*** Begin section ***

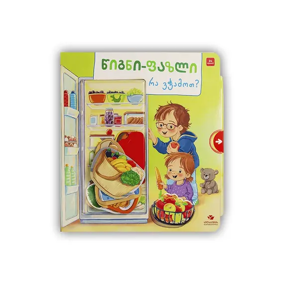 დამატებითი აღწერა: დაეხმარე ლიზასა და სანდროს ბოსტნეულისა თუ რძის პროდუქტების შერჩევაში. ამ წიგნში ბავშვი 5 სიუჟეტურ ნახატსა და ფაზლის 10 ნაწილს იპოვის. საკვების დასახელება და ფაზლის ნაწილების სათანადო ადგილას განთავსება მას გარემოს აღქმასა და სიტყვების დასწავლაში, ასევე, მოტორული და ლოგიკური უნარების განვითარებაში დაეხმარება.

*** End section ***
*** Begin section ***

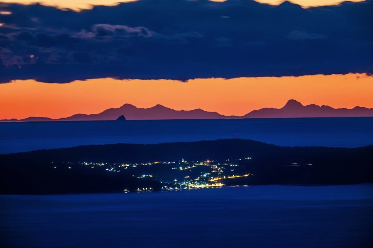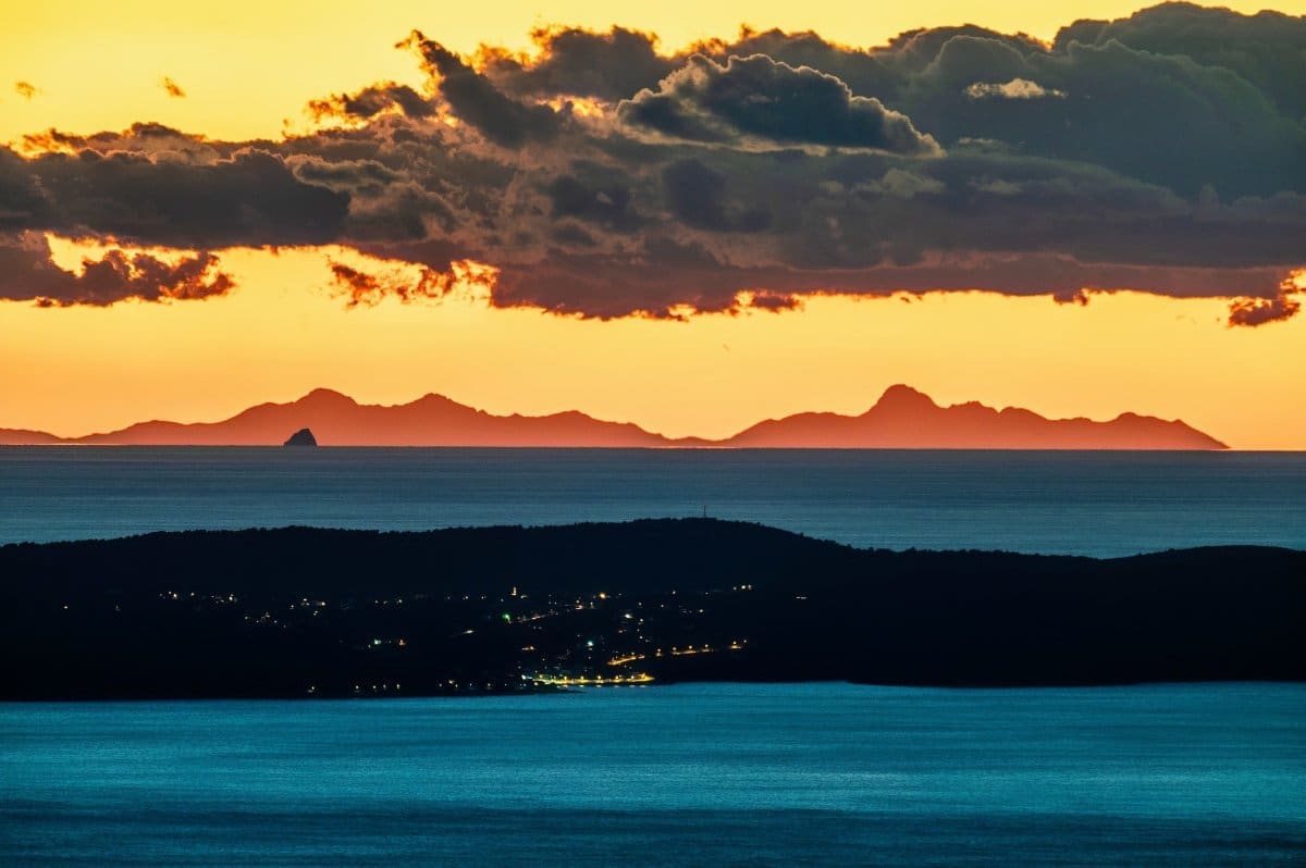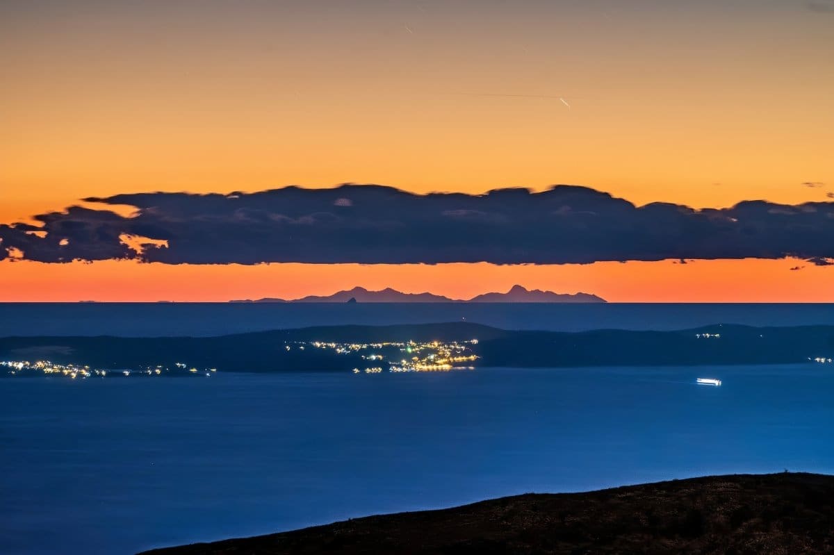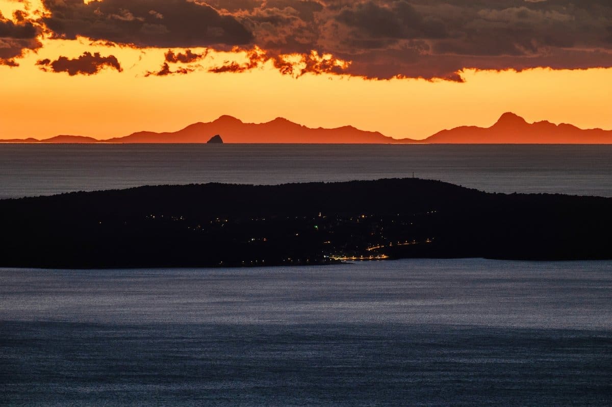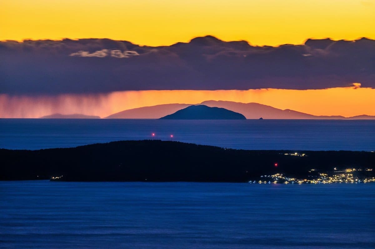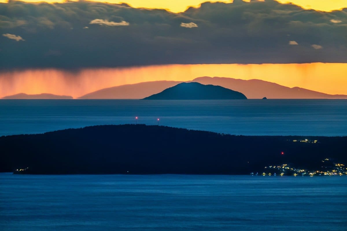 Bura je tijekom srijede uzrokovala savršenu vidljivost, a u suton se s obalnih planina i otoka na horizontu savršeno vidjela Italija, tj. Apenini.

*** End section ***
*** Begin section ***

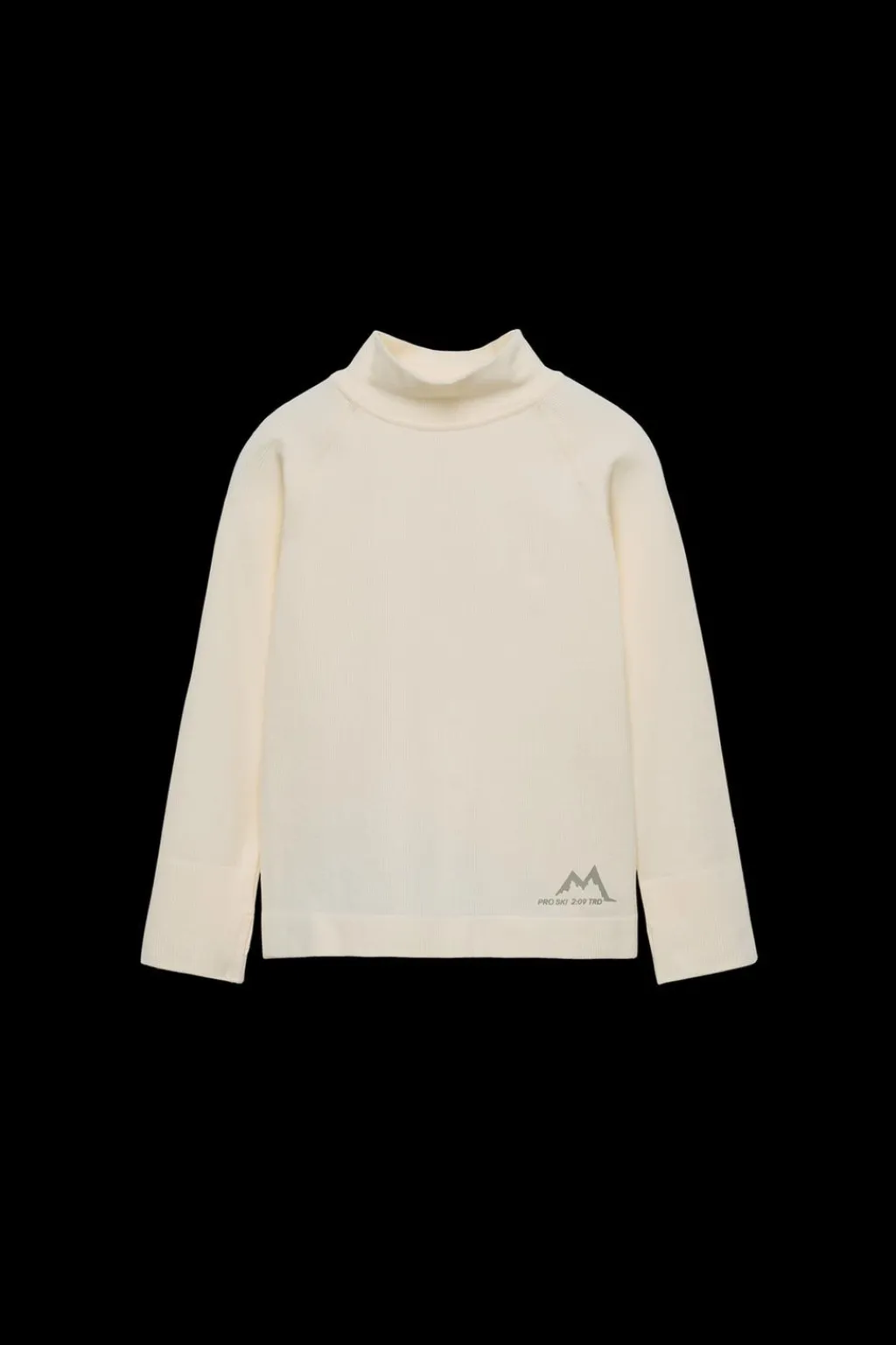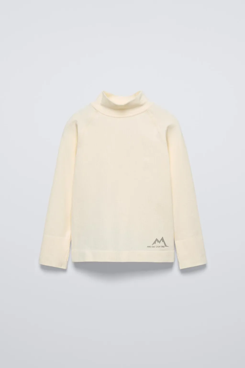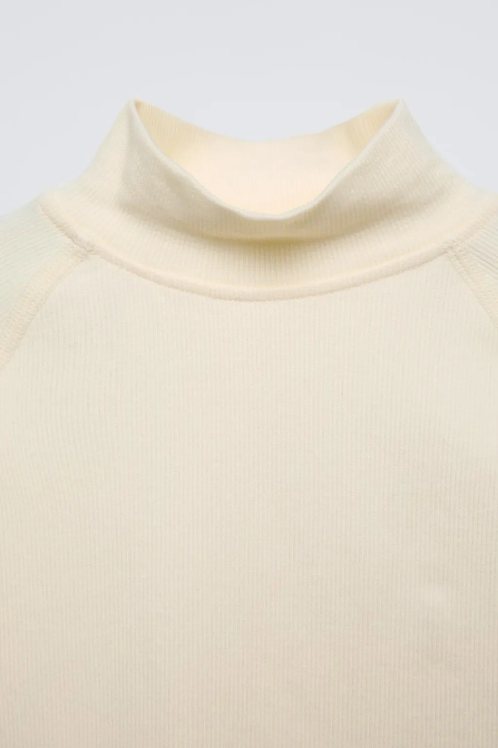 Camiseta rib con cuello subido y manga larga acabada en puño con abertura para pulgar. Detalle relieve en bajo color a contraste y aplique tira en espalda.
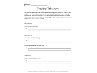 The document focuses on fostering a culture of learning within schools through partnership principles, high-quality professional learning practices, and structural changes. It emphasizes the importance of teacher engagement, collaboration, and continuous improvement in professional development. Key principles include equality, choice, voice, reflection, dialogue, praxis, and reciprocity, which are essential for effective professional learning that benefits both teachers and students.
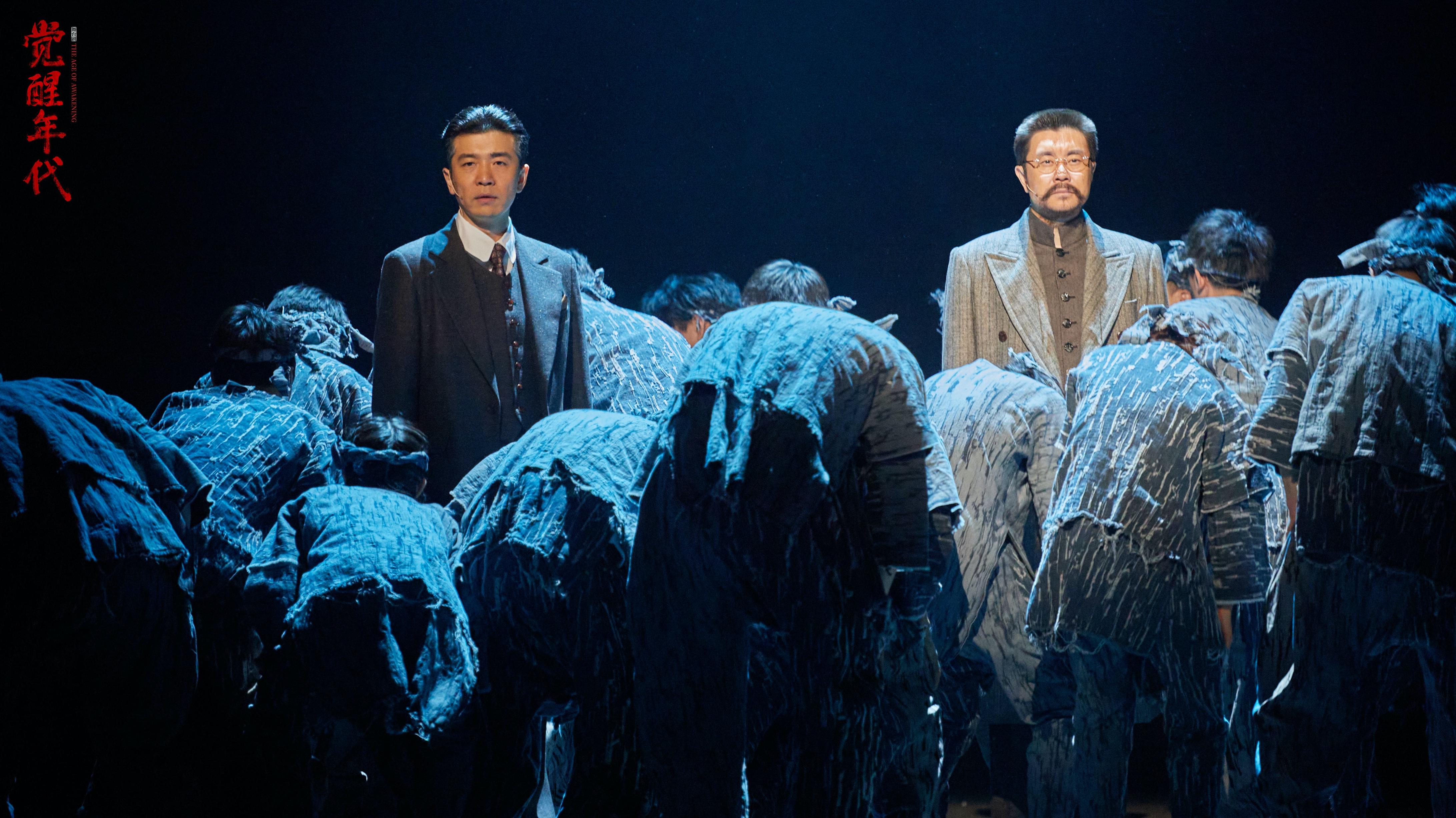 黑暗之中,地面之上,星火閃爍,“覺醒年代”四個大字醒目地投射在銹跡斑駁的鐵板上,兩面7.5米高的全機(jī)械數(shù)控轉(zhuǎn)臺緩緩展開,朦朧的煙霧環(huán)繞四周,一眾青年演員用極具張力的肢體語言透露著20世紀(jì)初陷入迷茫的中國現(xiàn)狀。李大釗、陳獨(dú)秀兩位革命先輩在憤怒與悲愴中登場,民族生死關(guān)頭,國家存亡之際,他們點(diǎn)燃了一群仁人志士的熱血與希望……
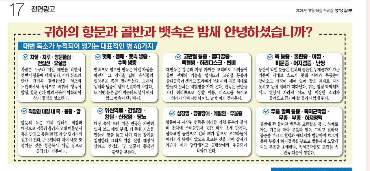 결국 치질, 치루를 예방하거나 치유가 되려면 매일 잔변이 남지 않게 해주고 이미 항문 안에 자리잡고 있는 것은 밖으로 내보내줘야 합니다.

*** End section ***

▸ **What the task requires**
Copy exactly the lines of the entries above from the one containing "黑暗之中,地面之上,星火閃爍" through the one containing "결국 치질, 치루를 예방하거나". Both end lines count; pictures do not.

▸ **Your response**
 黑暗之中,地面之上,星火閃爍,“覺醒年代”四個大字醒目地投射在銹跡斑駁的鐵板上,兩面7.5米高的全機(jī)械數(shù)控轉(zhuǎn)臺緩緩展開,朦朧的煙霧環(huán)繞四周,一眾青年演員用極具張力的肢體語言透露著20世紀(jì)初陷入迷茫的中國現(xiàn)狀。李大釗、陳獨(dú)秀兩位革命先輩在憤怒與悲愴中登場,民族生死關(guān)頭,國家存亡之際,他們點(diǎn)燃了一群仁人志士的熱血與希望……
 결국 치질, 치루를 예방하거나 치유가 되려면 매일 잔변이 남지 않게 해주고 이미 항문 안에 자리잡고 있는 것은 밖으로 내보내줘야 합니다.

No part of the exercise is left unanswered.